### [The data]
-*-

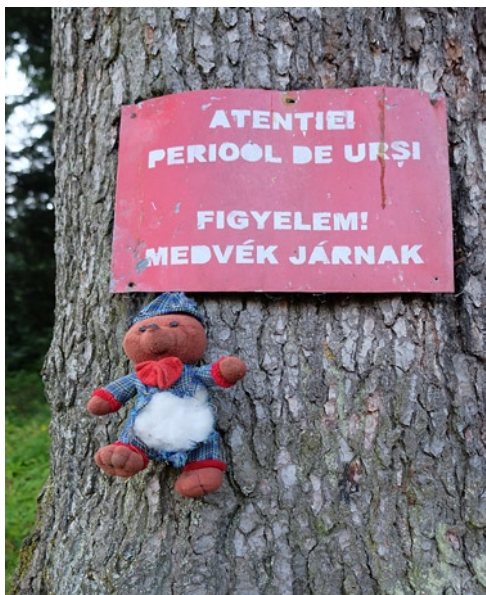
Medve veszélyre figyelmeztetés
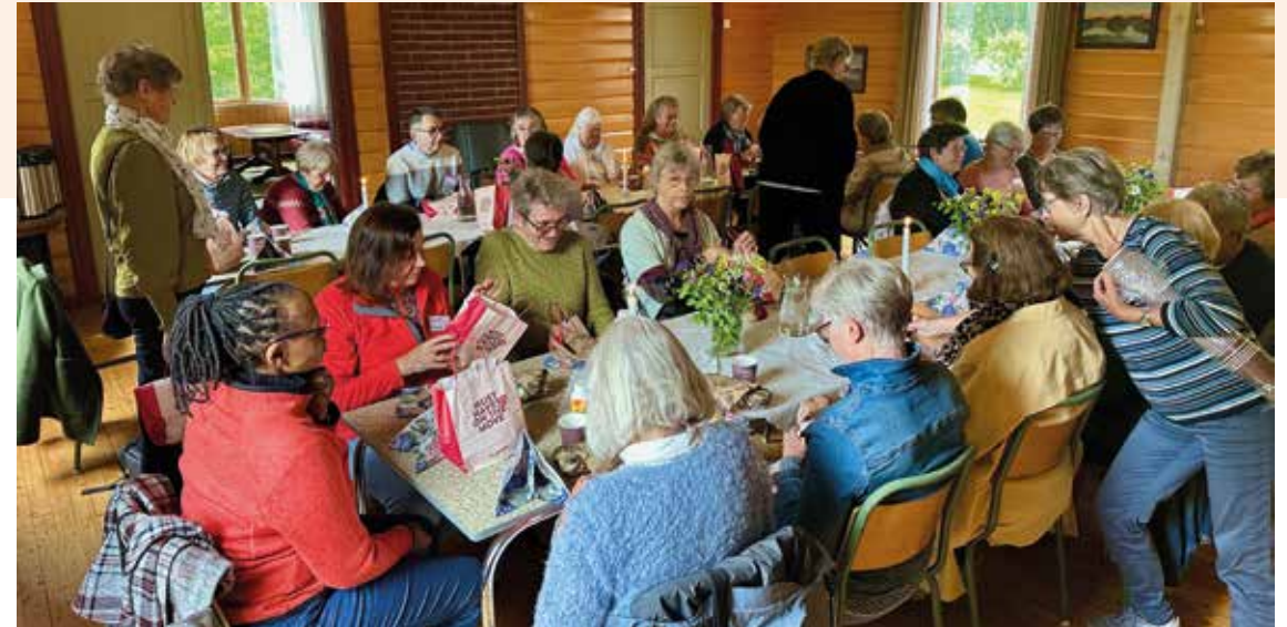
På landsmøtet ble det arrangert en spennende utflukt til Tautra. Her har vi lunsj-stopp underveis.

Oslos SMR gruppe ble avsluttet i 2025. Men resten av de 26 gruppene «holder

-*-

### [Prompt]
The material above must be set down word for word, with no picture carried over.

### [Written response]
Medve veszélyre figyelmeztetés
På landsmøtet ble det arrangert en spennende utflukt til Tautra. Her har vi lunsj-stopp underveis.

Oslos SMR gruppe ble avsluttet i 2025. Men resten av de 26 gruppene «holder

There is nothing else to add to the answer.